Pearl sugar — pärlsocker — is compressed sugar in hard opaque nuggets that resist melting at oven and syrup temperatures. It gives you white specks that stay white and a crunch that survives. Crushed sugar cubes are a decent substitute; nib sugar from a German shop is the same product. Demerara will dissolve and disappear.
The filling, and the ratio that matters
One hundred and twenty grams of butter, 100 g of brown sugar, two tablespoons of cinnamon, a quarter-teaspoon of salt, beaten to a paste. Note what is absent: there is no flour in it, no egg, no cream.
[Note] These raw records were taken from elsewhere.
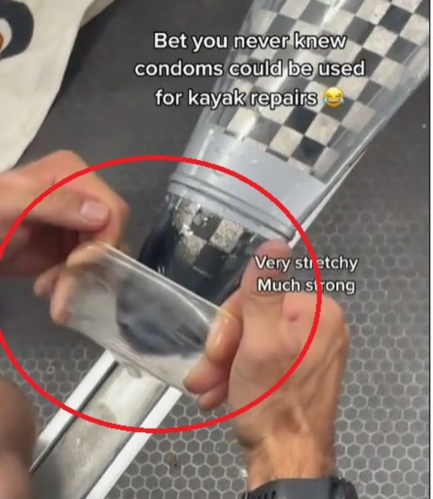 På Instagram afslører hun, at et kondom kan spille en afgørende rolle i processen. Her kan man se, hvordan kondomet bruges til at reparere hendes kajak.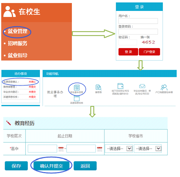 毕业生首页点击“在校生”-“就业管理”通过“用户登录”(用户名为学号,密码为身份证号后六位)进入就业管理界面,点击左侧栏“生源信息确认”,根据说明对相关项内容逐一核对或填写,最后务必点击页面下方确认提交确认本人信息,以完成校核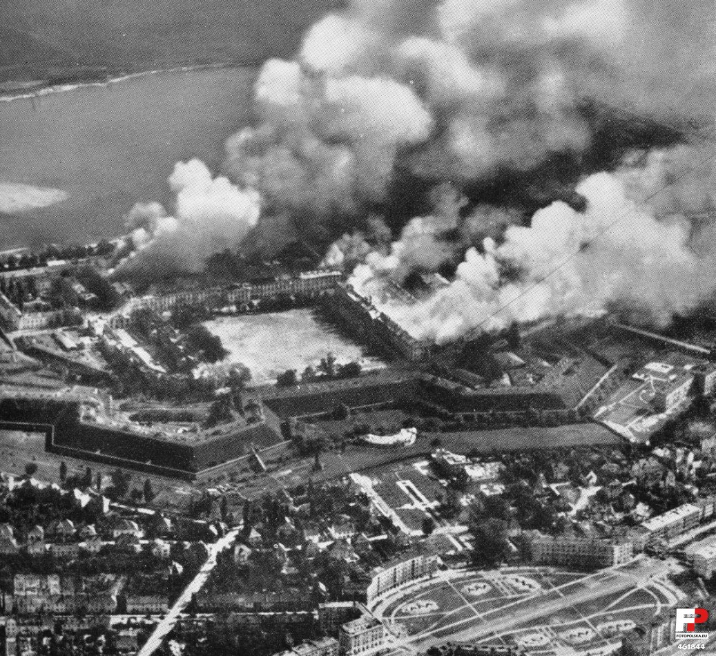 wrzesień 1939 , Cytadela Warszawska bombardowana przez niemieckie lotnictwo we wrześniu 1939 roku. Źródło: "Der luftkrieg in Polen" Berlin 1941Skomentuj zdjęcie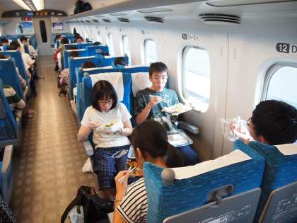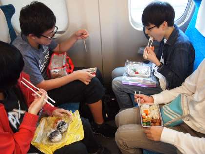 今日ののスケジュールはタイトなので、かなり早いお昼のお弁当を食べています。みんな朝御飯も食べてきたようですが、食欲旺盛であっという間に食べ終わっていました。間もなく京都に着きます。

The butter has to be very soft — the consistency of thick mayonnaise, spreadable with an offset palette knife without dragging the dough. Melted butter is the classic error. It soaks straight into the sheet, leaves nothing behind to hold the sugar, and then pours out of the buns in the oven and welds them to the tray. Take the butter out two hours ahead, or cube it and leave it somewhere warm for twenty minutes. Microwaving it in bursts almost always overshoots.
Two tablespoons of cinnamon in 16 buns is a lot of cinnamon, and it should be. Use cassia rather than true Ceylon cinnamon here — cassia is the coarser, hotter, more assertive bark that most supermarkets sell as “cinnamon”, and it is what the Swedish bun is calibrated for. Ceylon is more delicate and more floral and gets lost entirely under the cardamom.
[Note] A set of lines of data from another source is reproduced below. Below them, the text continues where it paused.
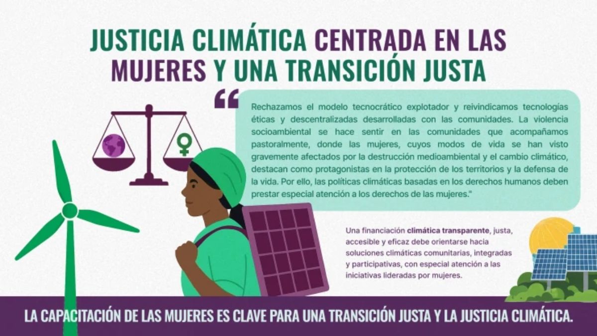 Los líderes destacan la justicia en la transición energética, afirmando que "defendemos la justicia climática, garantizando que las decisiones de la COP30 y otras prioricen a las personas empobrecidas por encima de la lógica corporativa que profundiza las desigualdades". Con especial atención tanto al daño desproporcionado a las mujeres como a la capacidad de liderazgo de las mujeres, piden "políticas y programas descentralizados de energías renovables" que "promuevan el trabajo decente para las mujeres a todos los niveles, apoyen el espíritu empresarial de las mujeres en el sector de las energías renovables".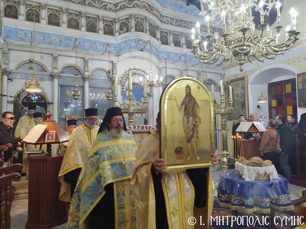 Μέ τήν δέουσα ἐκκλησιαστική τάξη καί λαμπρότητα πανηγύρισε σήμερα Κυριακή 7η Ἰανουαρίου 2024 τήν Σύναξη τοῦ Τιμίου καί Ἐνδόξου Προφήτου Προδρόμου καί Βαπτιστοῦ Ἰωάννου, ὁ ὁμώνυμος Μητροπολιτικός Ἱ. Ναός τοῦ Ἁγίου Ἰωάννου Προδρόμου Σύμης, μέ τήν συμμετοχή πυκνοῦ ἐκκλησιάσματος.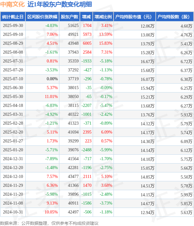 从股价来看,2025年9月10日至2025年9月30日,中南文化区间跌幅为4.03%,在此期间股东户数增加1704.0户,增幅为3.41%。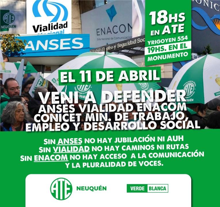 Por su parte, ATE Neuquén anunció una concentración seguida de una marcha este jueves, en horas de la tarde, para expresar su rechazo a las múltiples desvinculaciones que se dieron en las dependencias locales de organismos nacionales como Anses, Vialidad Nacional, Enacom y Parques Nacionales.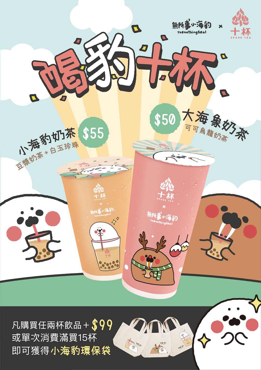 【全台】還不給他「喝豹」♡ 十杯超萌聯名「小海豹珍奶」 3款插圖提袋加購帶回家~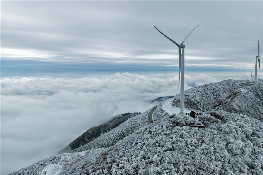 寒冬時節(jié),寒潮南下,懷化迎來持續(xù)低溫天氣,雪峰山脈自北向南漸次披上銀裝,霧凇凝霜,冰晶綴枝,宛如一幅幅渾然天成的冰雪水墨長卷。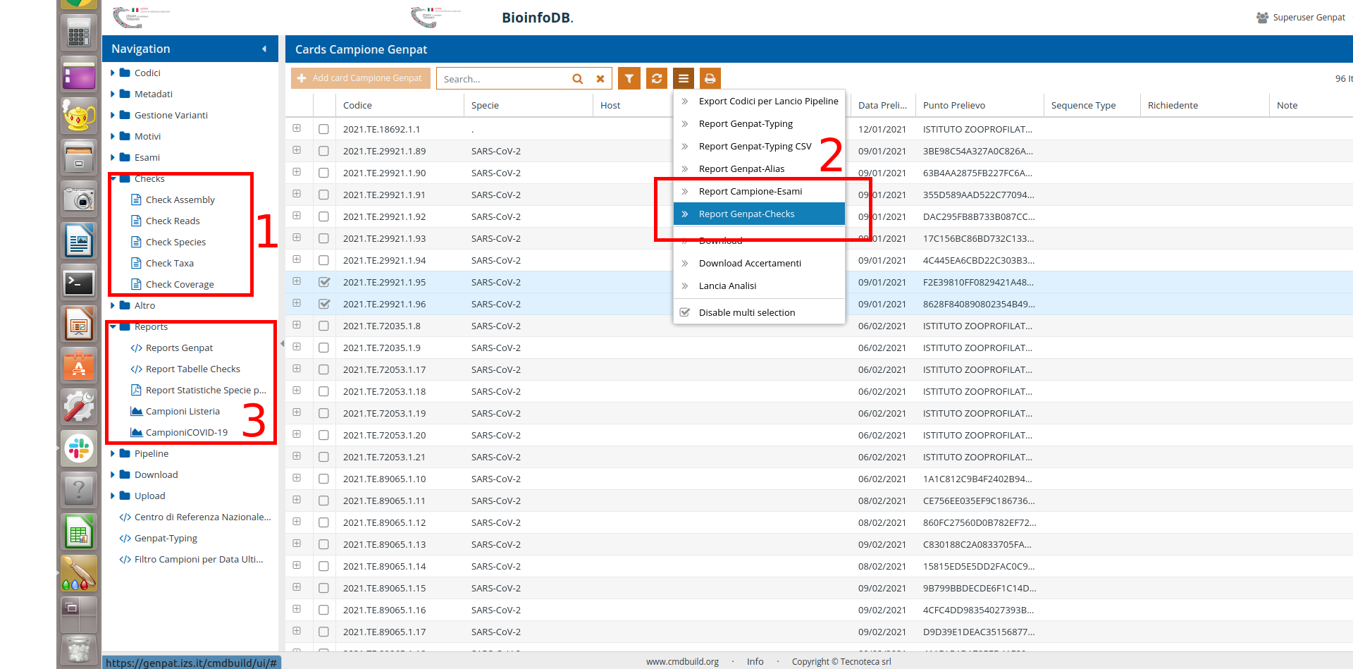 Per ogni controllo qualità, è possibile creare il report sia nella pagina dei report dal menù Reports > Report Genpat (3), sia nel menù contestuale Report Genpat-Checks (2) presente nella pagina dei campioni.

The quarter-teaspoon of salt in the filling is the detail nobody writes down. Sugar and fat together read as flat without it; salt sharpens the cinnamon and makes the sweetness legible instead of merely present. Half a teaspoon is better if your butter is unsalted and your palate is like mine.
The case against
Kanelbullar are a four-hour project with a four-hour peak, and they are genuinely worse the next morning. Everything about them is calibrated for a bun eaten warm within sight of the oven, which makes them a poor thing to bake for a party the day before and an excellent reason to own a freezer.
They are also, by the standards of what most people expect from a cinnamon bun, underwhelming on first bite. If you have grown up on the American roll — the gooey centre, the frosting, the sheer sugar — a kanelbulle can read as dry and plain. That reaction is a fair description of the design brief rather than a failure. The bun is built to disappear alongside coffee and to leave you willing to have another one before lunch. Judged on its own terms it is one of the great pieces of bread engineering in Europe; judged as a dessert it will lose every time.
And the cardamom is not optional or negotiable. Without it, all the work above produces a competent enriched bun with cinnamon in it, which you can buy anywhere. The same distinction separates a proper Swedish cardamom bun from a supermarket approximation, and it separates a real kringle from a sweet plait.
Storage and troubleshooting
Kanelbullar are best within four hours and acceptable for a day. They freeze extremely well — cool completely, bag, freeze up to three months, and refresh straight from frozen at 180°C for five minutes, which brings them back almost entirely.
Filling leaked everywhere. The butter was melted rather than very soft, or the dough was warm. Chill the rolled sheet for ten minutes before cutting if your kitchen is hot.
Buns unwound in the oven. The tuck was not tucked. Push the loose end firmly up through the centre and press it against the tray.
Dry. Overbaked, or the syrup was skipped. Both are common and the syrup is thirty seconds of work.
Dense. Under-kneaded, or under-proved. The shaped buns should look inflated and hold a fingerprint halfway before they go in.
No cardamom. The jar. Always the jar.
Serve with black coffee, standing up, at ten in the morning. That is what they are for.